Sunset in Antigua by AvidlyAbide (FCC)
Hawksbill to the Left

                   

“With looks that lose themselves in cherished looks;
The hour of steaming tea and banished books;
The sweetness of the evening at an end . . .” ~ Paul Verlaine, from “The Rosy Hearth

Saturday, late afternoon. Sunny and mild, 76° F.

Well  . . where to begin?

Corey got under way yesterday afternoon (I remember my AP Style Manual was very specific that under way is two words when referring to nautical movement). I drove him to the ship at 3:30 in the morning, and that was that. They took the ship out to test the radar, made a few tweaks, and left for Antigua. That’s right, Antigua. Did you know that there are 365 beaches on Antigua? I didn’t. He has tried to take the sting out of that by assuring me that they won’t spend any time in port, to which I reminded him that at least he’ll see the incredible blue waters, the azure blue, the Caribbean blue.

Lord How Island, Barbuda and Antigua (Globe Images)

And then there was that mention of the Virgin Islands . . .

They should have good weather going down, which is good, as he had terrible weather off Dover, which is not surprising. He was actually seasick, something that is not par for him.

Anyway, I came home from leaving him at the ship, crawled back into bed, and awoke around 9 a.m. with a killer migraine. To say that I was not surprised is an understatement.  However, I was surprised by the duration—all day. As a result, I did nothing all day, but I was able to read last night. I conquered about 400 pages of the third book in the Game of Thrones series, read until I was exhausted, and then prayed for sleep.
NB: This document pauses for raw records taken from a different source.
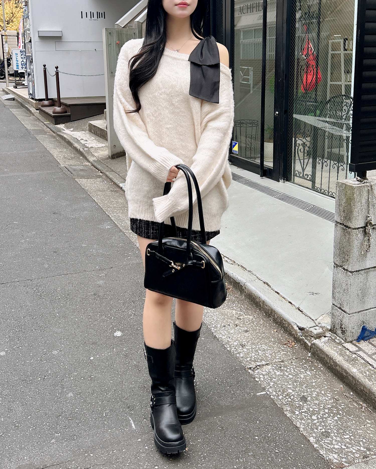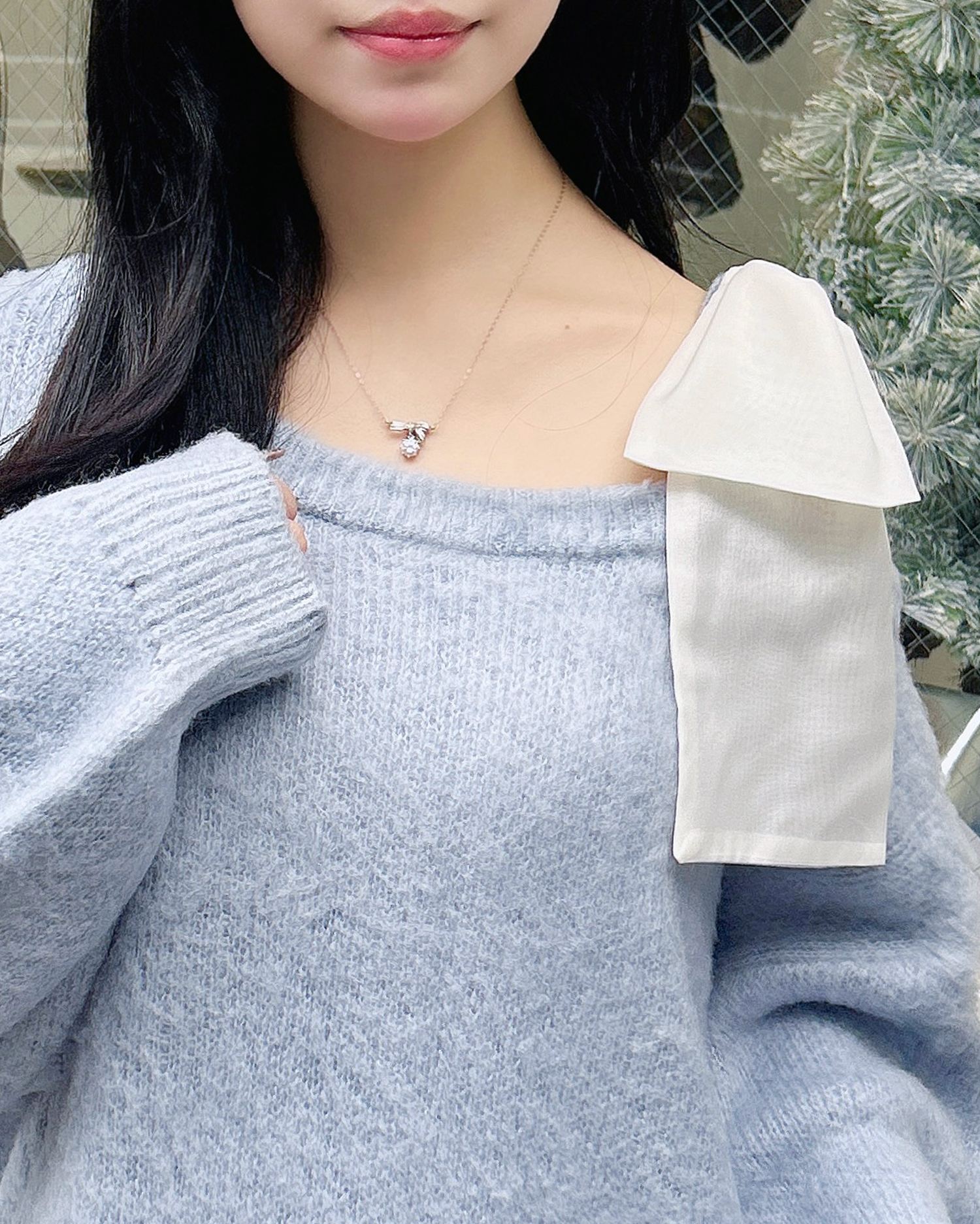 ショルダー部分にあしらった異素材の大きなリボンがキュートなアクセントになっています。
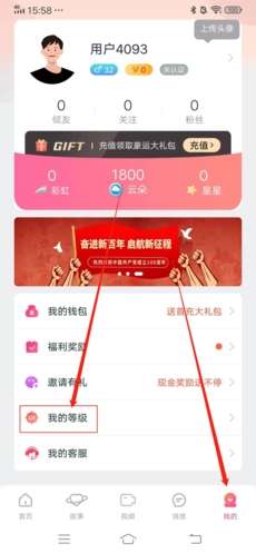1、进入APP后,首先点击右下角“我的”,再下拉页面找到“我的等级”,点击进入;
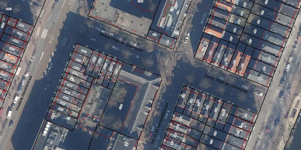 Eerste Hugo de Grootstraat 13-R-2 is gelegen op kadastraal perceel ASD13Q5780. Deze kadastrale aanduiding is uniek en wordt gebruikt door het Kadaster om eigendomsrechten en andere zakelijke rechten vast te leggen. Het perceel maakt onderdeel uit van de kadastrale gemeente Amsterdam.
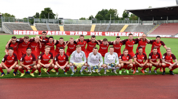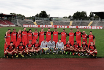 Die Fans des KSV Hessen Kassel haben ein grosses Transparent mit der Aufschrift gespannt - Hessen Kassel wird nie untergehen - davor die Mannschaft, die sich ?ber diese Unterst?tzung freut
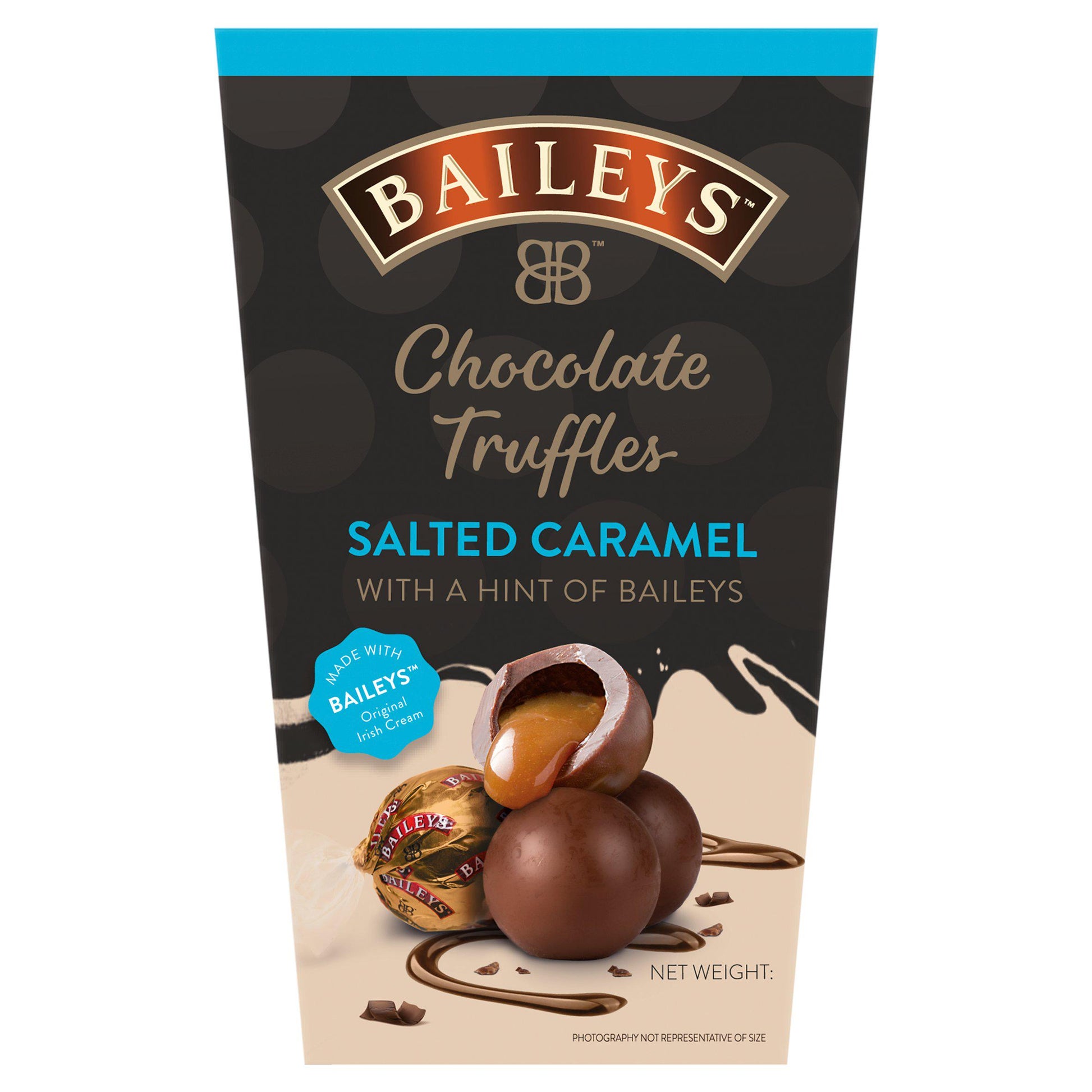 Milk chocolate truffles with salted caramel and a hint of Baileys flavoured centre (made with Baileys™ original Irish cream). 205g box.
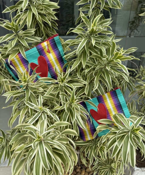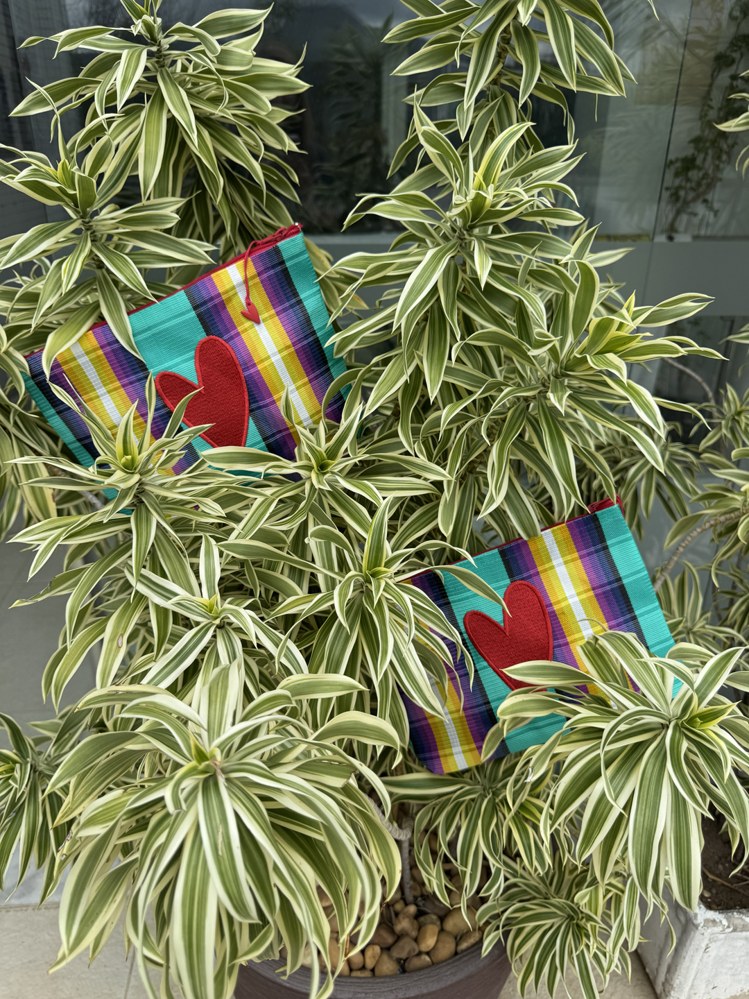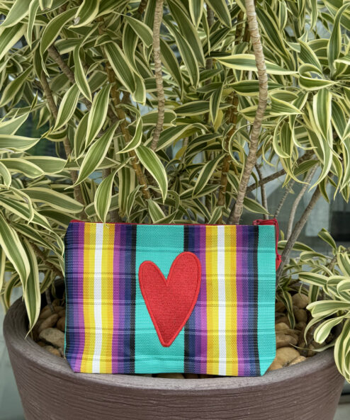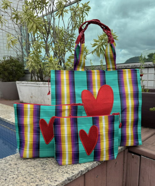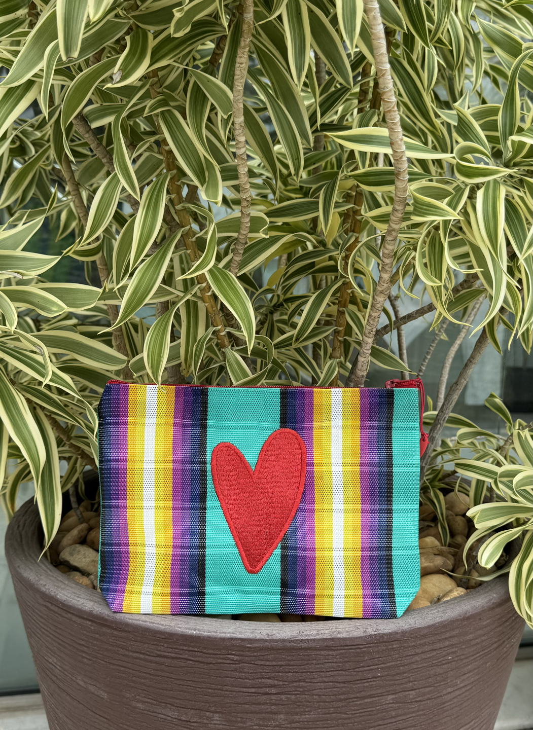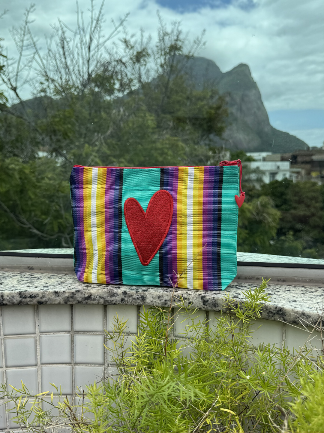 Necessaire em tela de nylon bordada com coração Dupla vermelho. Possuí ziper, é lavável e resistente.
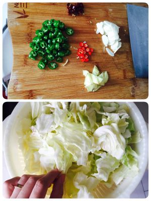 准备食材:姜蒜切片备用,青尖椒干辣椒切丝或圈,用水稍泡一下捞出备用(用水泡一下在炒时不容易炒黑) 包菜用手撕成大块,烧一锅开水,放入包菜略烫一下(约30秒),捞出过冷水沥干水份备用
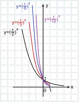 3)Чем меньше основание а (при 0<a<1) показательной функции у=ах, тем ближе расположена кривая к оси Оу.

When it came, it brought nightmares that had me screaming in my sleep again. I remember Jews being marched off to ovens next to a garden party, but there was more, so much more, including my father taking a shower and telling me good night, and my mother tearing apart her kitchen. Then I was at a corporate Christmas party with the builders I used to know, and there was a wedding, and I wanted good bourbon, but the bar only had cheap stuff, and then I was teaching again . . . too much, too much . . .

“I do not know myself sometimes, or how to measure and name and count out the grains that make me what I am.” ~  Virginia Woolf,  from The Waves

So today I awoke with . . . wait for it . . . another migraine. I’ve been stuffing my meds in all day, and I decided that nothing was going to get better (as regards my back), so I went ahead and bathed the dogs. They really needed their flea medicine, and I always like to give them a bath beforehand. The dog baths led to scrubbing the bathroom, which led to cleaning the bathroom floor, which led to cleaning the hardwood floors, which led to stripping the beds, and in between, starting laundry. My hands smell of bleach and aloe, and are tight and achy.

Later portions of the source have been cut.